What are the lines, word for word, from the line with "スタンダードプリーツダブルブレストロングコート レトロ レース" up to and including the line with "la Michaela sits" in the records below? Omit the pictures.

**Entries taken from a collection:**

★ ★ ★ ★ ★ ★ ★

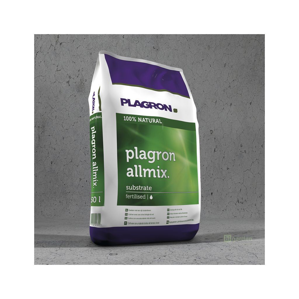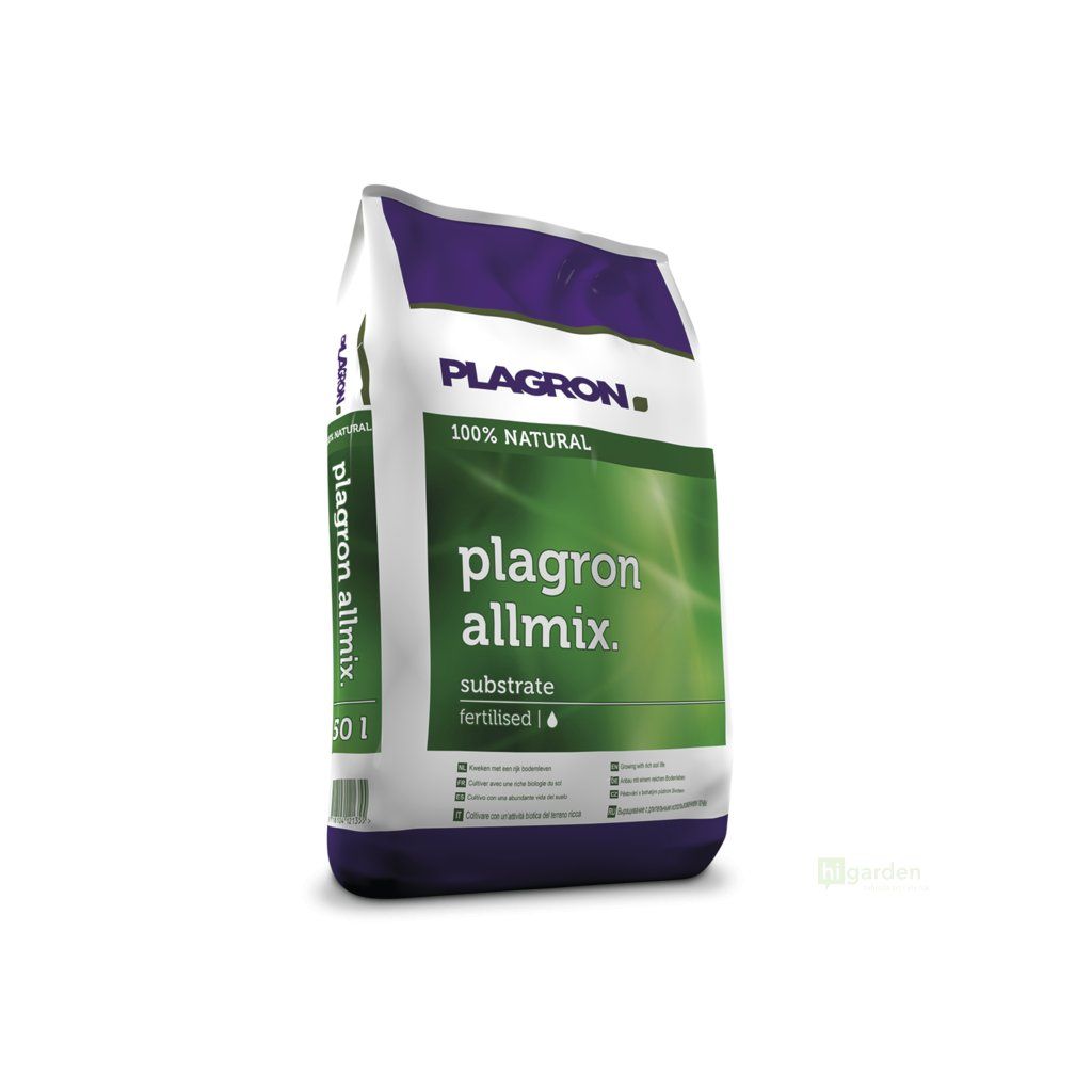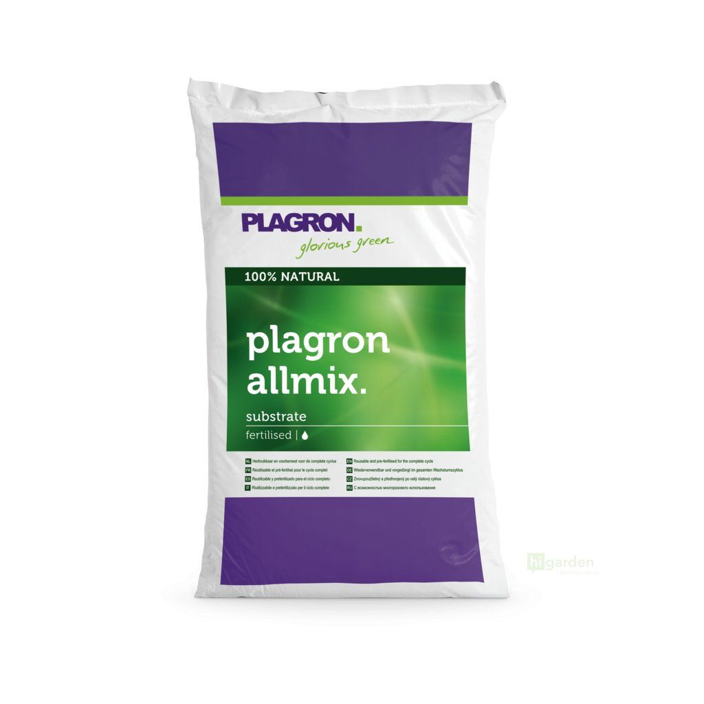 Plagron Allmix je vysoce kvalitní směs, která obsahuje ty nejlepší druhy rašelin. Tento předhnojený substrát je složen z bílé rašeliny, černé rašeliny, vláknité rašeliny, perlitu, verikompostu a minerálních NPK hnojiv. Přítomný perlit zkvalitňuje strukturu, zvyšuje provzdušněnost, lehkost a okysličení. Vermikompost zaručuje vyšší úrodnost, zdravý růst rostlin i lepší schopnost zadržování vody.
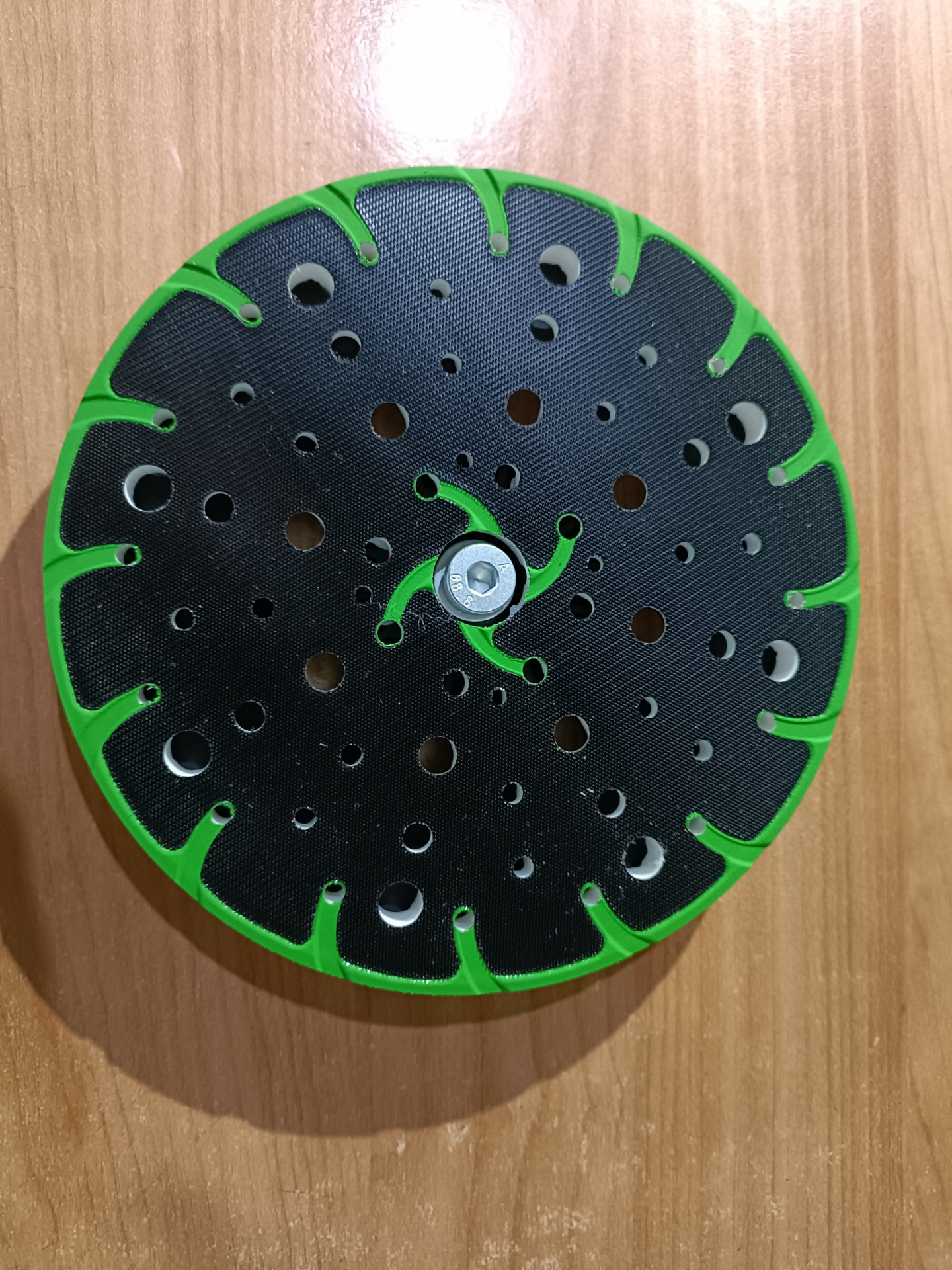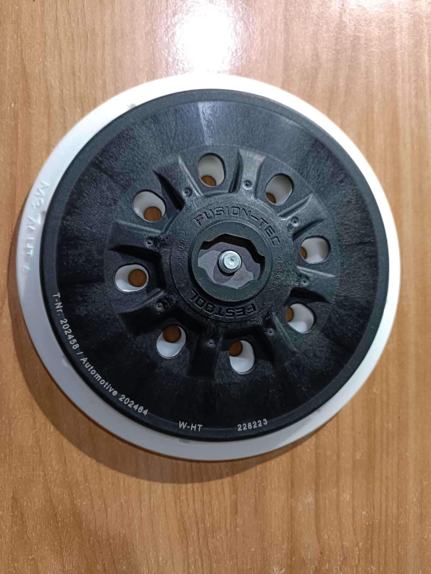 Disco de lixamento preto e branco com texto FUSION-TEC FESTOOL sobre chão de madeira
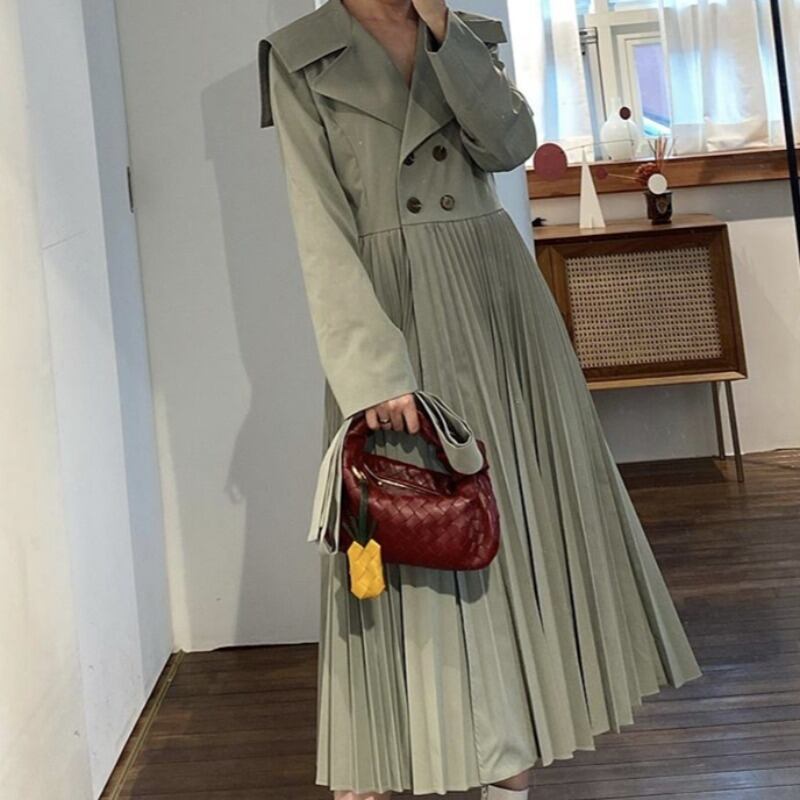 スタンダードプリーツダブルブレストロングコート レトロ レース エレガント レースアップ ICC_レディース2988064
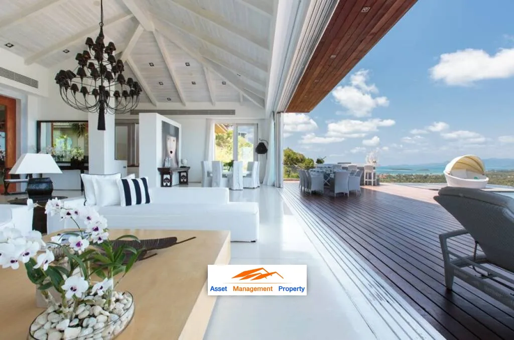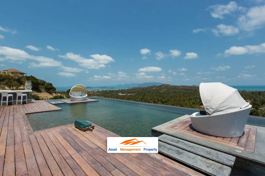 la Michaela sits majestically at the top of a gentle mountainside of Plai Laem, just a few minutes away from the beach and the airport, and this villa has a magnificent 270-degree of sea views overlooking Big Buddha beach and Choeng Mon beach.
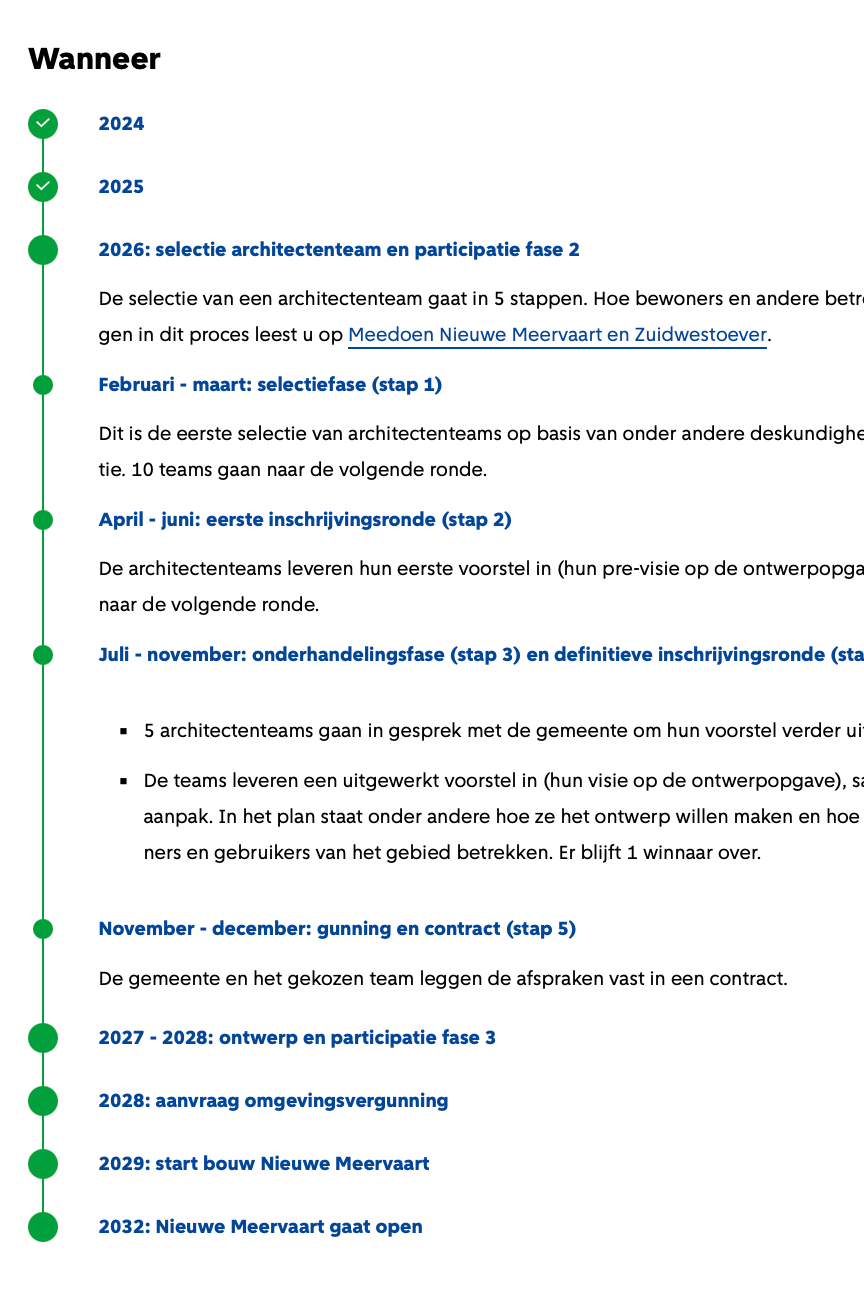 Tot en met 13 februari 2026 konden architectenteams zich inschrijven voor de competitie om een ontwerpvisie te maken voor de Nieuwe Meervaart en de zuidwestoever. Eind februari zijn de selectiecommissie én adviesgroep van bewoners en betrokkenen gestart met de eerste stap in het selectieproces.
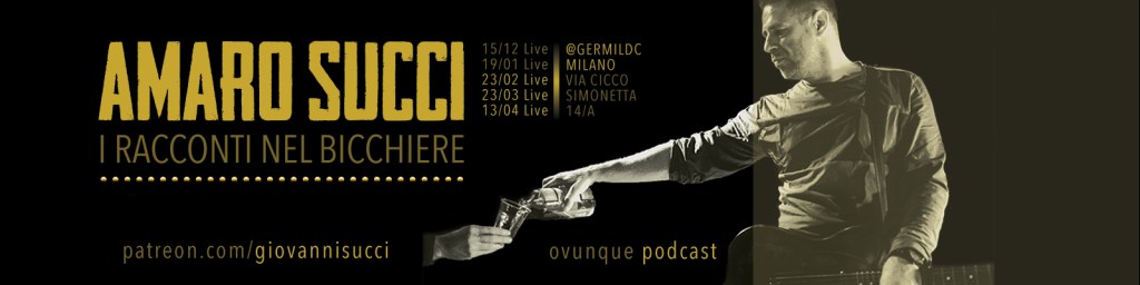 Racconti e incontri davanti a un bicchiere dai sapori forti, parole e musica originali, da degustare con calma. Sono Giovanni Succi e questo è il mio liquore portentoso, un amaro amaro davvero, il rimedio ad ogni male.
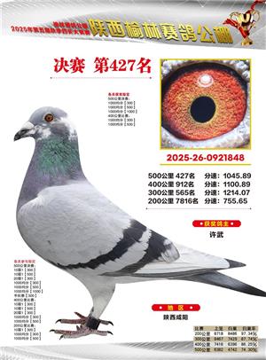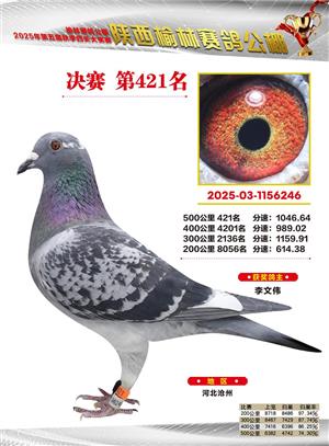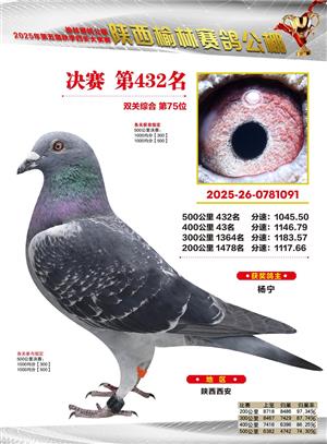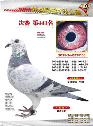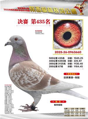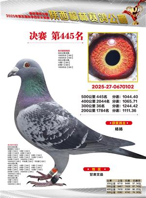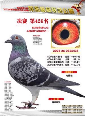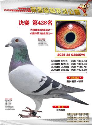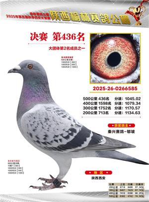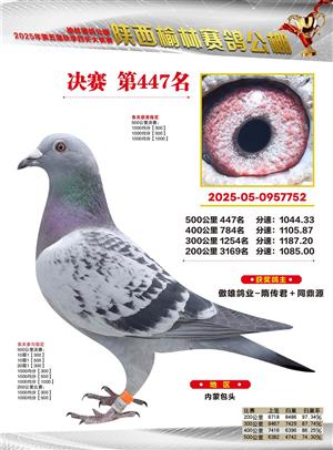陕西榆林赛鸽公棚2025年决赛获奖鸽欣赏(1-600名)
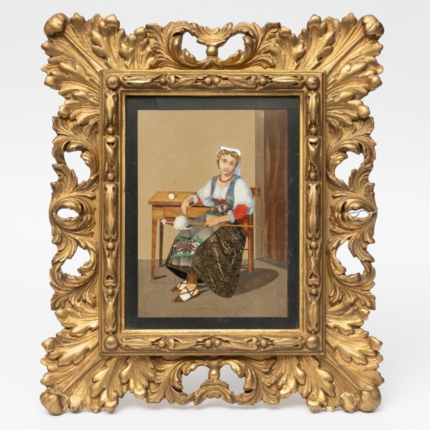 Italian Pietra Dura Plaque mid to late 19th century. Various colored stones inset to render a female practicing textile arts; well carved period oval frame. Sight: 6.5" height, 4.75" width; frame: 12.5" height. 10.75" width.
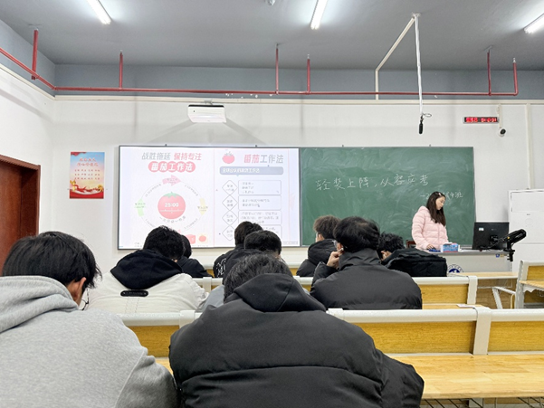 核心环节中,“方法工具箱”干货满满。针对复习难题,班会分享了目标分解法、主动回忆法、番茄工作法等实用技巧,通过演示每日任务清单的制定过程,帮助同学们摆脱“复习无方向”的困境;面对临场焦虑,现场带领全班开展腹式呼吸练习,并介绍课间微拉伸、“虽然…但是…”积极转念等即时减压方法,让大家快速掌握“情绪急救”技能。此外,班长分享了个人减压小妙招,从“睡前听轻音乐”到“与好友互相打气”,多样的经验引发集体共鸣。班会还详细介绍了公司心理咨询中心、学业辅导、图书馆开放时间等资源信息,为同学们筑牢支持后盾。
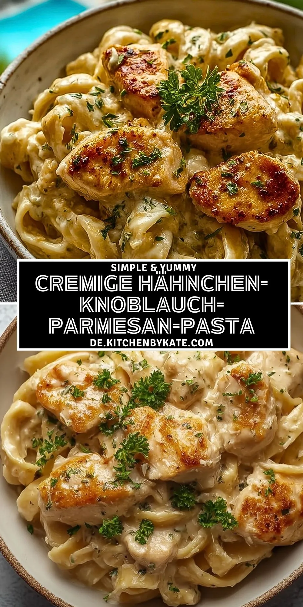 Diese cremige Hähnchen-Knoblauch-Parmesan-Pasta vereint zartes Hähnchen, intensive Knoblauchnoten und eine samtige Parmesansauce zu einem herrlich unkomplizierten Wohlfühlgericht, das schnell auf dem Tisch steht. Perfekt für jeden Tag, wenn du Lust auf echtes Comfort Food hast!

★ ★ ★ ★ ★ ★ ★

**TASK RESULT:**
 スタンダードプリーツダブルブレストロングコート レトロ レース エレガント レースアップ ICC_レディース2988064
 la Michaela sits majestically at the top of a gentle mountainside of Plai Laem, just a few minutes away from the beach and the airport, and this villa has a magnificent 270-degree of sea views overlooking Big Buddha beach and Choeng Mon beach.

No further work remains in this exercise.